Bristol Myers Squibb DIRECTOR, GLOBAL LABELING in Lawrence Township, New Jersey
DIRECTOR, GLOBAL LABELING
Partner with the Global Regulatory Team Lead (GRTL) to drive the development and management of the cross-functional labeling activities (USPI/ SmPC/ Company Core Data Sheet/ ROW labeling) to meet time and quality performance goals for filing and approval of global labels as planned by the Full Development Team.
1. Co-leads (with GRTL) the development and management of cross-functional labeling strategy in support of the full development strategy to achieve target labeling objectives and timely approvals
2. Coordinates and drives development of multiple concurrent labeling changes for complex, multi-indication assets in accelerated development
3. Ensures labeling strategy is integrated to support filings and approvals in the intended key markets
4. Identifies opportunities to influence regulatory policy and climate with respect to labeling content and preparation in support of project goals and BMS preferences
5. Applies knowledge of internal and external guidances, as well as project historical norms, in providing feedback to the cross-functional labeling team on issues related to labeling.
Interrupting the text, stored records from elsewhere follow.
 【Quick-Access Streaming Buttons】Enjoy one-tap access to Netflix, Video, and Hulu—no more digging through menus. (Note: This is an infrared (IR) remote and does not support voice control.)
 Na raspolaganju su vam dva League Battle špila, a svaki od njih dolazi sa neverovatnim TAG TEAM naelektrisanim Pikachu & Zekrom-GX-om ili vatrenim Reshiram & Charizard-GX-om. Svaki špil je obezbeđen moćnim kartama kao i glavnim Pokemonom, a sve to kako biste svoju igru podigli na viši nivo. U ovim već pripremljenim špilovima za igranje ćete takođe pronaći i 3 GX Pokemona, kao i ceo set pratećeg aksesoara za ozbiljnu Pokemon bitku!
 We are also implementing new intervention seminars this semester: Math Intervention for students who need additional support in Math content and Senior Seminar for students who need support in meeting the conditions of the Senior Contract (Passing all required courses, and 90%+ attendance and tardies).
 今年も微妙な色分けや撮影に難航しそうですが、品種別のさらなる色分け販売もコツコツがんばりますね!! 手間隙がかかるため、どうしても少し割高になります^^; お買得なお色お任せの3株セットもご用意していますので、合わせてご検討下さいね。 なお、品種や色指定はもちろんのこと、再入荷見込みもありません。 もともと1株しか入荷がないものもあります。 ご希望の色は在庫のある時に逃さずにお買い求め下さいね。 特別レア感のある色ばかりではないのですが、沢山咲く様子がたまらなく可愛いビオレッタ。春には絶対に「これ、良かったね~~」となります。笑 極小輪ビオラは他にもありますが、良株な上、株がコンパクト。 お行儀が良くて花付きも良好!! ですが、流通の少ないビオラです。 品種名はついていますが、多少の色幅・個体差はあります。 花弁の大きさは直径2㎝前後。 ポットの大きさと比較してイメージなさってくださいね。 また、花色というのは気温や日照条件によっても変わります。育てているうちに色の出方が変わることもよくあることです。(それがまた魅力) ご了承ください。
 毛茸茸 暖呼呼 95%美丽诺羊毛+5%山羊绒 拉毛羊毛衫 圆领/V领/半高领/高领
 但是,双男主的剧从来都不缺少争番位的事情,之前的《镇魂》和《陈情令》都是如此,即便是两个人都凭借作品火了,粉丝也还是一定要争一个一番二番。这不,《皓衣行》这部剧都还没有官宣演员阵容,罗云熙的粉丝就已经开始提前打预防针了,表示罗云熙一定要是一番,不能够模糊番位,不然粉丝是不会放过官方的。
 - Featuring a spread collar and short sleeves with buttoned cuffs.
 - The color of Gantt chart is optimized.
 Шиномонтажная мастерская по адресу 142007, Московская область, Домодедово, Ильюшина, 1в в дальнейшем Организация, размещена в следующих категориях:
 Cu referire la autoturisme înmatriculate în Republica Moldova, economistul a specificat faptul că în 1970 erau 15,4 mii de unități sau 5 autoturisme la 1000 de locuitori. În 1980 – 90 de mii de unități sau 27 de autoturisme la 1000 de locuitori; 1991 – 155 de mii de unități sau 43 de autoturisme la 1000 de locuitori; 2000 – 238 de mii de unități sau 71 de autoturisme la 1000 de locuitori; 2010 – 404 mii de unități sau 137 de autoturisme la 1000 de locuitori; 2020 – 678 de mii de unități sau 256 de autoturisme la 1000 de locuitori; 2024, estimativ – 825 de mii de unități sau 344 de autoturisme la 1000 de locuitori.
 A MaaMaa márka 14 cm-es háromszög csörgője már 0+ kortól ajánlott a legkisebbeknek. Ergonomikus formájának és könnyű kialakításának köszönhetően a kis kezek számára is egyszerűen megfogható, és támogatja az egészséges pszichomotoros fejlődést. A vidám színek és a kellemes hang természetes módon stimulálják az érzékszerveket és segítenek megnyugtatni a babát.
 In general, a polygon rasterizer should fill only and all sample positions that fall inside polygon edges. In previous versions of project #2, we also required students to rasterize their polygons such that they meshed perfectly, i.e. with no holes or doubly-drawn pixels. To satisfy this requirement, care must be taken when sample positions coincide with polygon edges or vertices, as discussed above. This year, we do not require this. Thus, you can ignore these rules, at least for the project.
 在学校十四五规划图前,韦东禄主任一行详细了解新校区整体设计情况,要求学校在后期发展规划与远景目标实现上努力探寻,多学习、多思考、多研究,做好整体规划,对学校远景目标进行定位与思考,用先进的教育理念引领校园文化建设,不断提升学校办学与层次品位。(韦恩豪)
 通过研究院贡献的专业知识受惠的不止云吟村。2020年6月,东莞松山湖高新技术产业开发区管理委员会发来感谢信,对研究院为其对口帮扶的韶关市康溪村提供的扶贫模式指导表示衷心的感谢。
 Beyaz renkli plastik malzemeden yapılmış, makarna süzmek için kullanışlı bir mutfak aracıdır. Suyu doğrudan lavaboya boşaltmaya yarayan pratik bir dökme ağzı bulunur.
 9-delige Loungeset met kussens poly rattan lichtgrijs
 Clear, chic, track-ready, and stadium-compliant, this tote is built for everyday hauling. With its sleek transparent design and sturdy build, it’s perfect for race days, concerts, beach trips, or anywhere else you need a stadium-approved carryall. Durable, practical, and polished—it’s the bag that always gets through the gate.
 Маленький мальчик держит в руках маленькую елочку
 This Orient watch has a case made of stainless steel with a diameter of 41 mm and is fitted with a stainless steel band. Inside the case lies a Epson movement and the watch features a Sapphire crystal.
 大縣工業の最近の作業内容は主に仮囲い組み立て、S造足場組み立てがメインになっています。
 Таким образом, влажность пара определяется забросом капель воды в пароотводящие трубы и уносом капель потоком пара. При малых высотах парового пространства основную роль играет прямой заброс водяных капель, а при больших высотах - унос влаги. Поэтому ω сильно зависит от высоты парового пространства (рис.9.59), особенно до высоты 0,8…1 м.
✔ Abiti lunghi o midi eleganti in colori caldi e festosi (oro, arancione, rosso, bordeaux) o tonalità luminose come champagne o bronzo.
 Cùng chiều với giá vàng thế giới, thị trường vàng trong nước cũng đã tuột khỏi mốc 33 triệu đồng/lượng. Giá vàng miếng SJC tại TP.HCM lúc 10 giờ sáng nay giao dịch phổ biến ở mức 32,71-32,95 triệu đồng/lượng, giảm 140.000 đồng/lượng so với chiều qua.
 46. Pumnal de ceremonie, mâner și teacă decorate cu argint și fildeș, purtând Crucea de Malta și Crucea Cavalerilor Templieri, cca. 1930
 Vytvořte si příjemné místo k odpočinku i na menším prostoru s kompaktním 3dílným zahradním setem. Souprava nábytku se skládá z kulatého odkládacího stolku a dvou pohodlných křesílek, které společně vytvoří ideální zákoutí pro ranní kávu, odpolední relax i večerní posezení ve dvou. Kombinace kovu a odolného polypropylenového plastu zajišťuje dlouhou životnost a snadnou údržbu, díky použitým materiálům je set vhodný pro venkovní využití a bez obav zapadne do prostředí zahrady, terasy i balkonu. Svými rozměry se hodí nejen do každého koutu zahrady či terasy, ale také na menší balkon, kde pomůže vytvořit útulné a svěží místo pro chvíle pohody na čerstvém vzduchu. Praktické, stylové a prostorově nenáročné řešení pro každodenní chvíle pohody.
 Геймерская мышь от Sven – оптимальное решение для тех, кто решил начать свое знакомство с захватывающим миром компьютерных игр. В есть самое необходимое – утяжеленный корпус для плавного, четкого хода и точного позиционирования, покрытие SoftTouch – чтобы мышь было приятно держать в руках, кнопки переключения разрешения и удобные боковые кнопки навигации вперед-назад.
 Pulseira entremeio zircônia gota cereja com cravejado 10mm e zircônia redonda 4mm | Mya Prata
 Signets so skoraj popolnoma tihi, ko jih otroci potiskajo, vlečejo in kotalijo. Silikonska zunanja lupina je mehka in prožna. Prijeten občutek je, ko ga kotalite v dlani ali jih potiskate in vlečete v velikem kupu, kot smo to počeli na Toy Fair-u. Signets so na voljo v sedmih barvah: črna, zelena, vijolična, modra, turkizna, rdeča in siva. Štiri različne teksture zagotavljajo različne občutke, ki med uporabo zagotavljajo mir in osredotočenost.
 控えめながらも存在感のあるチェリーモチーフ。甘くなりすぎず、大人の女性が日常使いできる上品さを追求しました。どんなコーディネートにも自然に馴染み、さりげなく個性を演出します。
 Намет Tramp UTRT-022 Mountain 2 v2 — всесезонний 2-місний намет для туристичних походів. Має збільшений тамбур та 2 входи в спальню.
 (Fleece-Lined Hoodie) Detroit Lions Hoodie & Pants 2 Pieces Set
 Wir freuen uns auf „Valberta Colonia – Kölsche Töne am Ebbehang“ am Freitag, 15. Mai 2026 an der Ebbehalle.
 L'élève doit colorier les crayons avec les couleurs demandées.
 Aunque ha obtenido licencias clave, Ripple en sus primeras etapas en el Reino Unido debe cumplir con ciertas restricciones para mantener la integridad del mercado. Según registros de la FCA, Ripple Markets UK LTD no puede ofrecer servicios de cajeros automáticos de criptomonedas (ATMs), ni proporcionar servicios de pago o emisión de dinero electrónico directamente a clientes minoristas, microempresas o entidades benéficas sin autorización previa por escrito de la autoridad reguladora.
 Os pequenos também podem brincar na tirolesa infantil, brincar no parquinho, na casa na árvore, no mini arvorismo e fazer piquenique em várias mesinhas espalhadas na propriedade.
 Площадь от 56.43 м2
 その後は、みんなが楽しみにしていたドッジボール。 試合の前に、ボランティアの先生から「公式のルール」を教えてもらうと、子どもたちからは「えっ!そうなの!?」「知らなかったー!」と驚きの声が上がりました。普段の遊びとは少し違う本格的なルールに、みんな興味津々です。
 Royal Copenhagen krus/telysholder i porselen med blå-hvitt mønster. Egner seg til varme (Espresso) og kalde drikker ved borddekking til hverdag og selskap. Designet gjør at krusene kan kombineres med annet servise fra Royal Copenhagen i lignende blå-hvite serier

Ensures effective planning of all cross-functional labeling activities required to produce high quality and consistent labels for submission to health authorities
Coordinates labeling activities of multi-functional contributors, reviewers, and approvers from discovery, pharmaceutical development, clinical discovery and clinical development, regulatory, pharmacovigliance, commercial, and legal; and manages the label review and approval process to maximize speed and quality on behalf of the FDT
Contributes to the development of effective labeling processes and standards; implements the processes to support FDT goals and ensures maintenance of PRI labeling/regulatory standards
Partners with GRTL to support the cross-functional labeling team members in the development and management of key labeling messages and issues, taking into account historical project content and competitor labels, and ensures appropriate integration into the label in a consistent way
Drives the cross-functional labeling preparation and product life-cycle processes to ensure
Influences the FDT in tracking milestone activities and proactively identifies any issue
In conjunction with the team members, manages and prepares updates to proposed labeling in response to dossier-related health authority questions
1. Leads and influences a diverse group of subject matter experts/authors of labeling documents from a variety of disciplines without a reporting relationship
2. Mentors and trains members of cross-functional labeling team in principles and processes
3. Oversees the work of multiple labeling leads across multiple cross-functional labeling teams for complex, multi-indication assets in accelerated development
4. Proactively manages progress against the submission timelines, identifies opportunities, and drives potential solutions with key team members
5. As a leader within regulatory documentation strategy team, proactively shares knowledge and key learnings within and across development teams
· MD/PhD or equivalent, with thorough understanding of scientific principles and hypothesis testing and at least 5 years of pharmaceutical regulatory labeling experience
· Demonstrated strong writing skills as evidenced by good quality writing in publications in peer-reviewed journals or in regulatory documentation
· Analyzed and interpreted complex data from a broad range of scientific disciplines
· At least 10 years of experience in preparing USPIs, SmPCs, and Company Core Data Sheets
· Career experience driving a wide variety of labeling activities for at least 5 assets and in multiple therapeutic areas
· Good understanding of US and European labeling requirements for submission of USPIs and SmPCs to health authorities
· Worked successfully in a cross-functional project team; ability to lead/facilitate discussions and decision-making with cross-functional team members
· Assessed the requirements and provided tools, information and/or training to external documentation resources in order to produce document(s) that meet sponsor’s labeling documentation standards
· Submission of labeling documentation in timely fashion without undue stress to the organization
· All key team members are clear on timelines and expectations of labeling development, preparation, and submission
· Successful negotiation with health authorities on the proposed labeling
· Knowledge Management – knowledge gained from one therapeutic area and/or product is applied across others, e.g. requirements, processes, etc.
Bristol-Myers Squibb is an equal opportunity employer. Qualified applicants will receive consideration for employment without regard to race, color, religion, sex, sexual orientation, gender identity, national origin, disability or protected veteran status.